On Playing Book Jenga and Sorting Shelves

This week I spent a bit of time having a mini book sort and clear out. By mini, I mean we only did one set of shelves, but it’s a start. To say my house is full of books is an understatement of epic proportions. My house is BURSTING with books. Fiction, antiquarian, cooking, DIY, trains, meditation, everything is covered. The only person I’ve ever seen have more books than my family was one of my professors at university, who had a hallway and office full of bookshelves and plastic carrier boxes with even more books, so you had to shimmy sideways to his rooms down what was originally a fairly wide corridor.

This is great, but does present its own practical problems. Space, for instance, is at a premium, and things only get worse after every Christmas. There are only so many walls we can take up for building shelves, and there are only so many times you can go through and have a clear-out. I’ve whittled down my fiction books several times, but they still occupy a couple of walls and I don’t think there are any more I want to chuck. When I was at university, it wasn’t so much of a problem because I’d take a couple of boxes down south with me. The only trouble would be in the summer holidays when I returned home and had to find space for the boxes’ contents, or spend a couple of months tripping over them on my bedroom floor. Similarly, it’s practically a tradition now that there will be a pile of Christmas books in front of my desk until at least March, when I finally get sick of knocking them over. The pile is currently about the height of my one-year-old Goddaughter, who is tall for her age.

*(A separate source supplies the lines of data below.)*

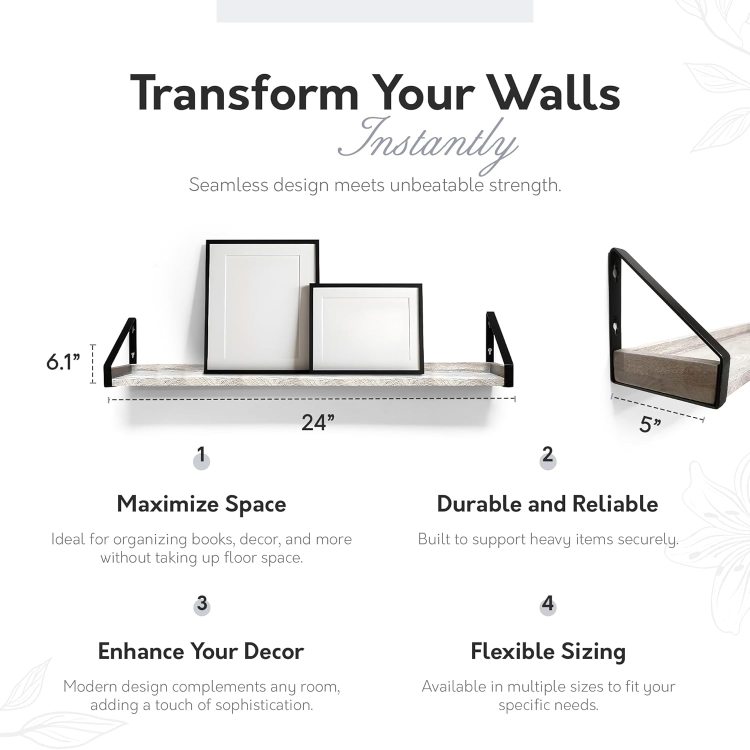 - DECLUTTER YOUR SPACE Organize and showcase your favorite decor, photos, or plants with this stylish floating shelf for the wall, perfect for adding a modern touch to your living room, kitchen, or bathroom
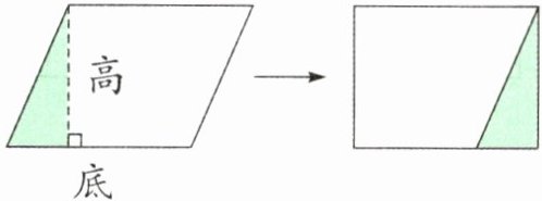 1. 如下图所示:把一个平行四边形沿着它的高剪开,可以拼成一个长方形,这个长方形的长相当于平行四边形的
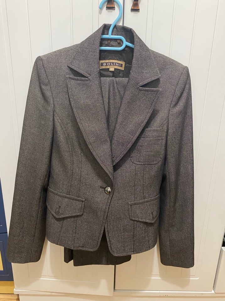 Modern klasik tarzda, düğmeli, uzun kollu, gri renkte, normal boyda ve rfit kadın blazer ceket pantalon. Ofis kullanımı için uygundur. Kızlar 161 boyum 54 kilodayım şuanki duruşu sıkmıyor rahat .
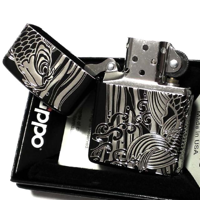 縁起の良い昇鯉が2面にかけて彫刻デザインされた躍動感溢れるZIPPOライター。
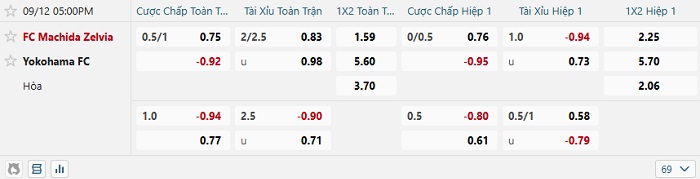 Tip kèo Châu Á hiệp 1 Machida vs Yokohama
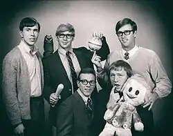 The Kitchen Cinq originally evolved out of the Illusions in Amarillo, Texas.[1][2][3] Between 1961 and 1962, guitarist Mark Gordon Creamer of the Illusions invited Jim Parker to join the group who, at that time had two other members, including bassist Dale Gardner.[2] Parker was friends with Jimmie Gilmer, who with his band the Fireballs had a hit with "Sugar Shack".[2] The group's sound was heavily influenced by the British Invasion bands from England, particularly the Dave Clark Five.[1] The Illusions released a single on Dot Records that featured an A-side "Brenda (Don’t Put Me Down)" written by Jim Parker backed with "Secrets of Love" co-written by Parker and band Gardner.[2][4] It was recorded in Odessa, Texas at a studio owned by Tommy Allsup, who had played on the same bills as stars such as Buddy Holly & the Crickets and Ritchie Valens in the 1950s.[2] The Illusions' single became a regional hit.[2] According to Parker, "I was the elder statesman in the group – I was 19, 20-ish then ...and we played around town, and JD Souther’s group, The Cinders, was in competition with us. We were buddies, but we got most of the great gigs because we had a full band and Mark played organ, harmonica and guitar, and we had five-part harmonies...."[2]

So we’re full of books. Every room in the house has a few shelves, including the split bathroom/toilet.

It's helpful to know what you want to read in advance.

It’s helpful to know what you want to read in advance.

Another trouble all these books present is their accumulation of dust. Especially with the more inaccessible shelves, we’re not regularly handling all our printed collection, taking them off the wall and giving them a good dust. So one day this week Dad and I decided to take on the built-in, ceiling-height shelves in the living room as a bit of a spring clean.

Some of these books are proper old and a bit fragile. And when they’re super-dusty you can’t just jiggle them with a duster; that only gets the thick off, and you could trap dust in the spine and damage it. Here are my tips for cleaning old books:

  1. Tie your hair up and grab a bandana. Yes, you’re going to be sneezing from the dust, but if you cover your hair then you won’t trap any more dust up there for later sneezing.
  2. Music. Brushing books can be a bit repetitive so you need something that you like and can keep your energy up. On this occasion, we used Queen’s Sheer Heart Attack on LP because Dad’s old music collection is in the same set of shelves and needed a sort too.
If I don't blow-dry my hair, I look a bit like Brian May. (Pic from wikipedia)

If I don’t blow-dry my hair, I look a bit like Brian May. (Pic from wikipedia)

  1. Brush – use either a soft bristled brush or an old toothbrush. Turn the book 90 degrees so that the open pages hang downwards, and gently, but firmly, brush from spine to end of the book. Pull any dustjackets down slightly so no dust or grit gets trapped between board and paper.
  2. A hoover with muslin fixed over the end can also be used to suck up muck without damaging book pages.
  3. Don’t forget to clean the shelf too. Any stubborn dirt can be shifted with a damp cloth. Similarly, any foist marks on book covers can be removed with a slightly damp cloth.

We made pretty good progress, and soon had cleaned and replaced all the books. We even managed to free up some space by passing on a few we didn’t want, and shifting a whole shelf of video tapes to a different room. That’s when I got a bit excited about this:


The 1997 video release of the original Star Wars trilogy. I was excited for all of two days, thinking these were the original films, unadulterated by George Lucas’s later editing, but a bit of internet research showed me I was wrong. These were the tapes where he started changing small, but important, things. (#HanShotFirst) Still, I’ve very fond memories of watching these tapes when I was small with my Dad, so I’m not getting rid of them.

Once we’d done the bookshelves, we moved on to the lower shelves where the LPs are. It’s a pretty solid collection of 1970s rock and folk classics, although there is some rubbish I couldn’t convince the parents to part with. Above this, however, hiding behind more books, lurked the cassette tapes. We knew there were a few stored there, but I honestly think they’ve been breeding, because there’s hundreds of the buggers! We weeded out a few, but quite a lot are of family archive importance, such as recordings of my grandfather on the radio, or me burbling nonsense at 10 months old, so until we can find a way to shift them into MP3 format we’ve got to keep them. At least they fit snugly into shoeboxes that can be stashed away.

All in all, we did a good day’s work and made a fair bit of progress on the tidying/spring cleaning front. Now just to go through all the other bookshelves in the house. Shouldn’t take long. (Cue maniacal laughing.)